Oh my goodness! It’s already here! January 3, 2011. And that means its time for the official start of the Trouser Sewalong. I hope you all had a wonderfully relaxing and fabulous holiday! Unfortunately, I was sick nearly the entire time. Laid up in bed. And quite frankly, it was a drag. But I’m good now and ready to beat my January/winter blues. This week we’ll be cutting out our muslin and stitching it up. First, I thought it would be a good idea to go over the individual pattern pieces together with Burda #127. What with all the confusion and craziness with this pattern, I’m here to say that it does actually sew up and though my muslin was probably one size too big it did fit. OK, are we ready? Let’s go.
I’m again going to stress the 1″ seam allowances everywhere but in the crotch. Here’s the thing with those allowances: the crotch is the major crux of the entire operation.

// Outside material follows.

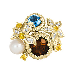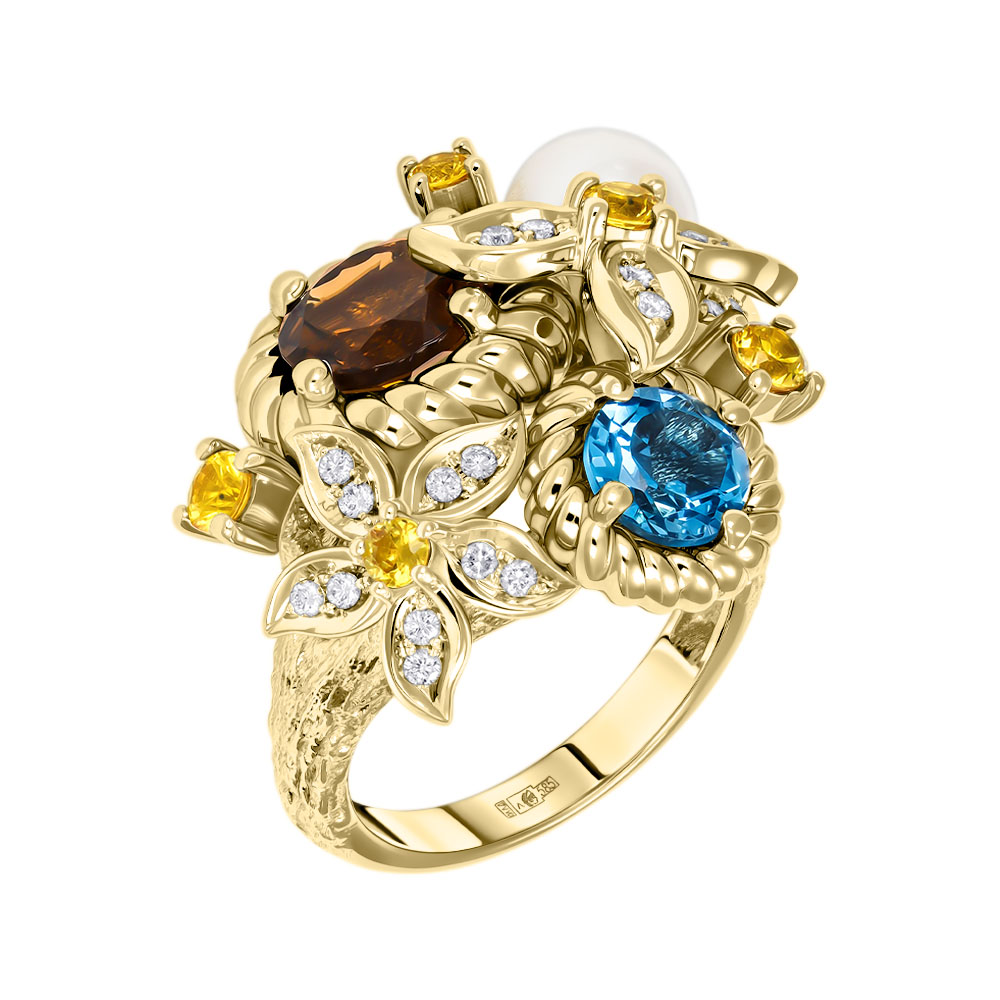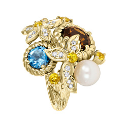 Кольцо с бриллиантами жемчугом и самоцветами 931791

The way it plays with the other areas of a pair of trousers is a big deal. This is the area that you are probably going to have the most trouble in, but it’s not necessarily the area you fix. You’ll actually be fixing the area that’s affecting the crotch. Make sense? Hopefully so. Let’s talk about the pattern pieces now. Alright? Alright.
As you can see on the original pattern, the pieces are labeled. So after you’ve traced off or taped together your pattern (PS, even after I had taped the pattern together, I noticed that there would not be enough room for the 1″ seam allowances I needed, so tracing I did, very disgruntled I might add) you should go about labeling them. It makes the whole experience less difficult. Pattern piece no. 1 is the leg front. You’ll cut two of these. Everywhere but the crotch area (and the hem) will have 1″ seam allowances. The crotch will have 5/8″ seam allowance and the hem does not need any seam allowance. Believe me, unless you are really tall, you definitely don’t need to add anything to the hem. Ahem…
Piece no. 3 is the leg back. Same thing as for no. 1.
Pattern piece no. 2 is the pocket. In fact it’s a pocket within a pocket. I separated this piece to show you what you’ll need to cut. The smaller piece is the pocket lining, which I’ve labeled 2A. You’ll cut two of these. 1″ seam allowance everywhere. The actual pocket is the entire piece. You’ll cut two of those. 1″ seam allowance everywhere but that extended tab part. That part connects to the crotch and so you’ll only need 5/8″ seam allowance there.
Piece no. 4 is the waistband front. 1″ seam allowance everywhere but along that edge that will be cut on the fold of the fabric (right edge here).
Piece no. 5 is the waistband back. 1″ seam allowance everywhere but at the actual waistband back. There you’ll only add 5/8″ because that is part of the crotch area. And that’s only if you want that seamline in the back waistband. Personally I don’t, so I decided to cut this area on the fold, in which case you don’t need to add a seam allowance there. Also, if you are into the plaids and stripes for your trousers, you’ll want to cut the waistband on the bias, because I can’t think of anything worse than trying to match plaids or stripes in this area. In fact, its not even possible. Especially if you consider there is a pleat and a dart in these trousers. So, I’ll show you how to transform your waistband in an upcoming post.
OK, does this help? I certainly hope so. I definitely want to hear your thoughts. Even for those of you who are tackling a different pattern. It is a good idea for you too, to do the same things you see here. The adjustments and fittings I’ll be showing will be easier with more room to work with. Have fun sweets! Next up, cutting your muslin!